We only perceive and understand a very narrow slice of the universe. By restricting the variables to those things relevant to human experience, you're introducing a massive bias. And that bias is likely to be toward non-wild variables. Why?

It seems trivial to say that the relationships among the extremely man-made phenomena you've listed (library books, McDonald's) are likely to present as simple, highly clustered sets of datapoints. But that this should be so even for the non-man-made things like stars is more interesting. But I think the reason why this is has to do with the way our nervous systems came to be and how they're designed. Something as complex as a tissue capable of representing these things, i.e. the nervous system, is more likely to organize itself along the lines of simpler, easier-to-predict (more clustered, less wild) variables.

That is to say, evolution is more likely to produce replicators that get and act on information about non-wild variables, and that restricts what we as products of evolution perceive in the first place. For some variable where the next value is likely to be wildly distant, what's the advantage in developing sense organs to detect it or a nervous system that can store and compare it? Why bother? Consequently even by picking the natural objects that we can notice, we can't escape enriching the set of chosen variables for non-wildness, because we're not built to experience or notice the patterns of wild variables in the first place.

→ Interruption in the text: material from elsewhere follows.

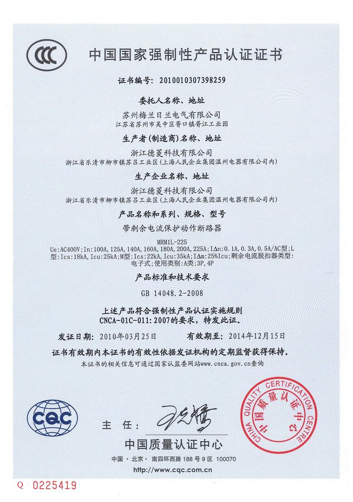 MRM1L-225塑殼漏電資質(zhì)證書

The obvious next question is how we would go about decreasing our bias toward non-wildness when selecting these variables. We might want to do exactly the opposite of what you suggested, and include ONLY Planck-scale phenomena. If we're able to choose variables far from the domain of human experience and they're still non-wild, then that does a better job of making the Wild Complexity Thesis unlikely.

Eric Schwitzgebel said...

Michael: Yes! I have been thinking a similar thing. I see two options: Find a rigorous, non-humanocentric way of choosing variables. That seems hard, and the technique seems likely to be contentious, but maybe it could be done. Or stick with the "stupid" haphazard chose of confessedly humanocentric variables and confess the relativity of the conclusion.

Eric Schwitzgebel said...

(That last option might be broadly Kantian.)

Michael Caton said...

I think critics of trying to find less humanocentric variables (your first option) would be hard-pressed to say that we must assume any one set of variables must be equally humanocentric, or that we can't tel, as any other. Or at least, couldn't assert this without also making a pretty strong statement about the possibility of knowledge.